Mercer, a global consulting leader in talent, health, retirement and investments, recently completed its annual analysis of executive compensation data. The analysis encompassed 240 of the companies included in the Standard & Poor’s (S&P) 500, between the years 2011 and 2013. Executive compensation was comprised of base salaries as well as awards tied to performance.

 

Analysis of the data reveals approximately two-thirds of CEO annual compensation is tied to long-term incentive-based performance awards such as stock options or restricted shares. The average total compensation was listed at $9.6M with $6.4M tied to performance across the 240 companies surveyed. This represented an increase of four percent over each successive year.

 

The use of restricted stock with a vesting schedule as a performance award remained relatively flat at 22 percent among those companies surveyed in 2011, 2012 and 2013. The award of performance shares grew steadily from 41 percent of companies in 2011 to 56 percent of companies in 2013. Stock options as a performance award continued to fall from 35 percent in 2011 to 25 percent in 2013.

 

The main reason behind the increased use of performance awards over stock option grants among companies is that performance awards are more directly tied to the financial and operational performance of the company over time, whereas stock option values can be manipulated up or down by the current market trend.
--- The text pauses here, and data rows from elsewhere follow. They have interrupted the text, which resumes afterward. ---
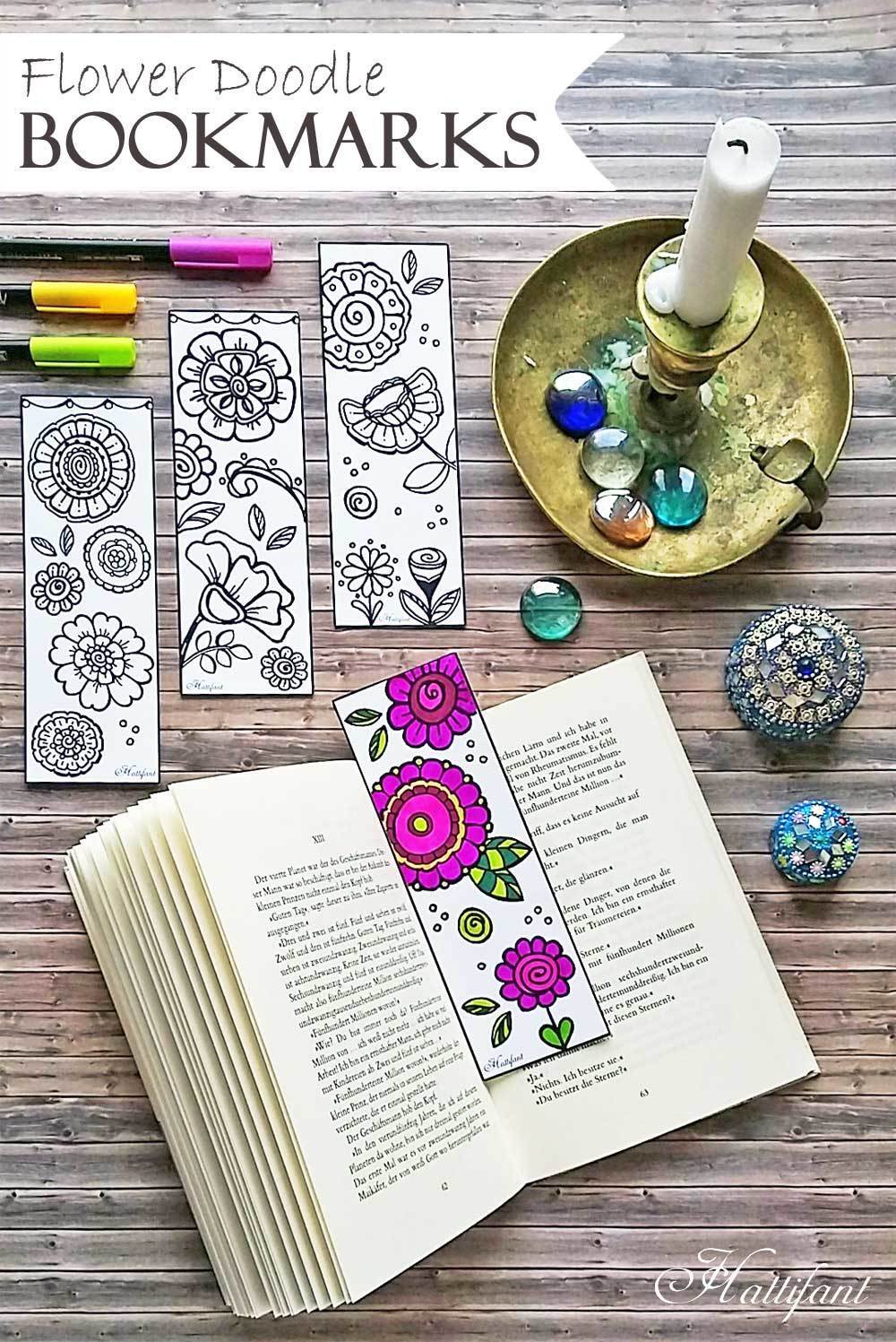 Find out more at: http://hattifant.com/flower-doodle-bookmarks/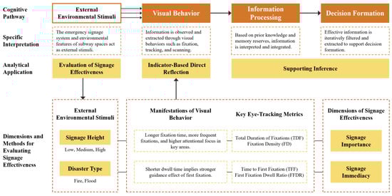 Based on the foregoing, with respect to visual perceptual behavior, humans process external environmental stimuli in three primary steps, following the “visual behavior–information processing–decision formation” cognitive pathway. For example, in the context of evacuation within a metro space, an individual visually observes the emergency evacuation signage system and other environmental features—such as the physical attributes of signage (color, location, content), the positions of elevators or stairways, and the direction of exits—to collect fundamental external information. The brain then combines existing knowledge and experience (e.g., the semantic meaning of signage content) with memory stores (e.g., the layout of the metro space) to interpret the information acquired through visual perception, thereby integrating and evaluating the guidance provided by the signage system. Based on the results of this information processing, the individual forms clear decisions regarding evacuation direction and route selection, which are subsequently translated into actual escape actions.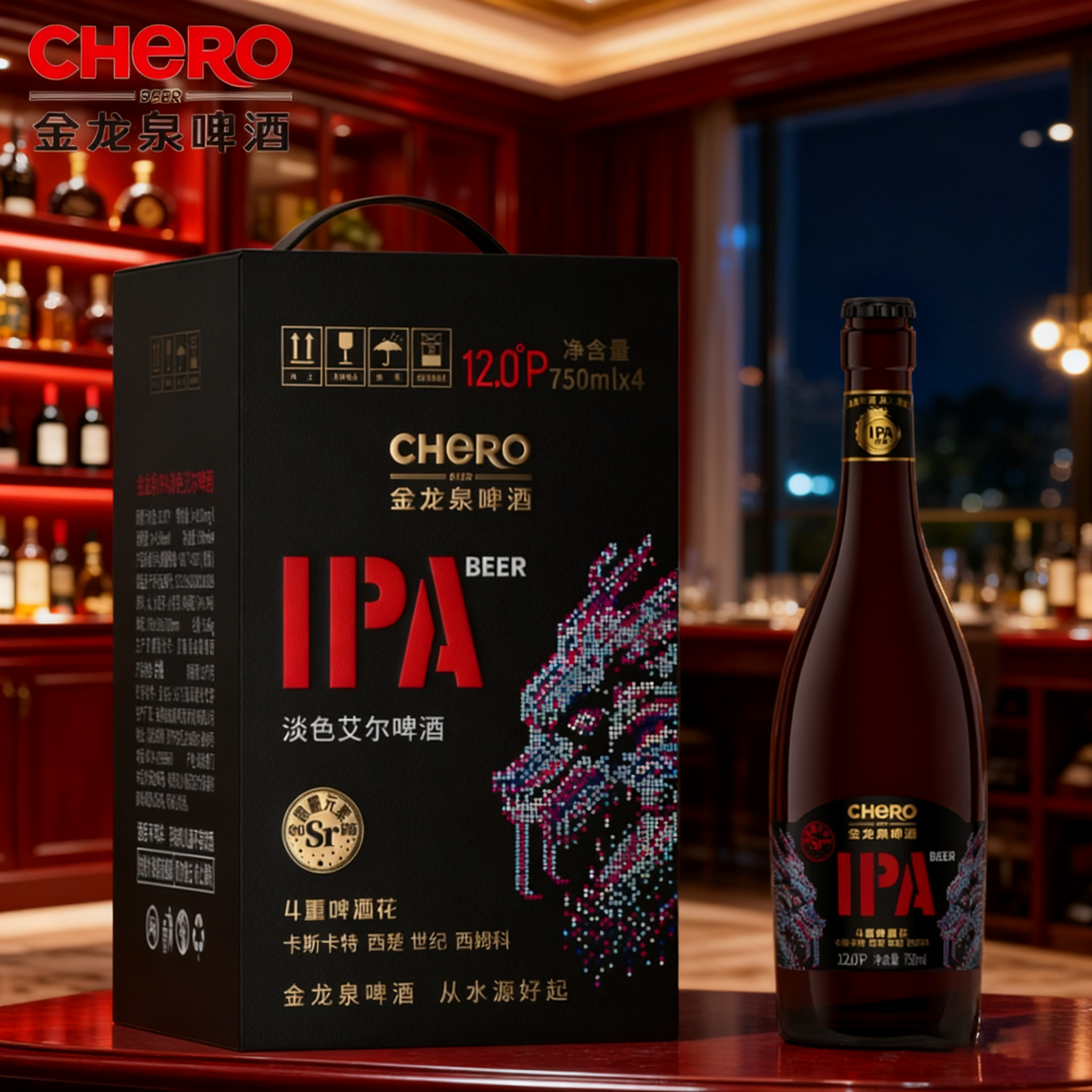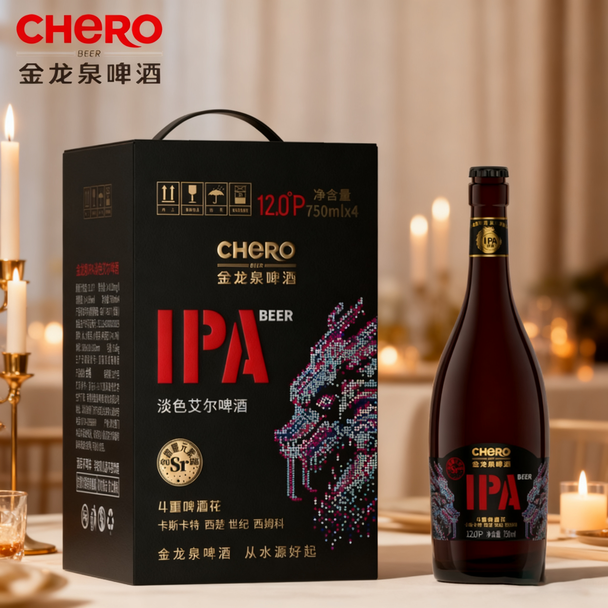 📚 金龙泉啤酒轻奢IPA淡色艾尔啤酒750ml*4瓶礼盒装精酿啤酒12.0°P

Performance awards have a specific value that can be quantified by the corporate financials, whereas stock options do not necessarily reflect a company’s financial health.

 

It was also interesting to note, the top 100 companies of the S&P 500 were far less generous with performance awards than the lower 400 companies in the S&P 500. This trend is likely to continue as the smaller companies “catch up” to the larger companies in overall compensation for their executives. Raising compensation averages is how the smaller S&P 500 companies are able to recruit top executives who may be more attracted to the larger 100.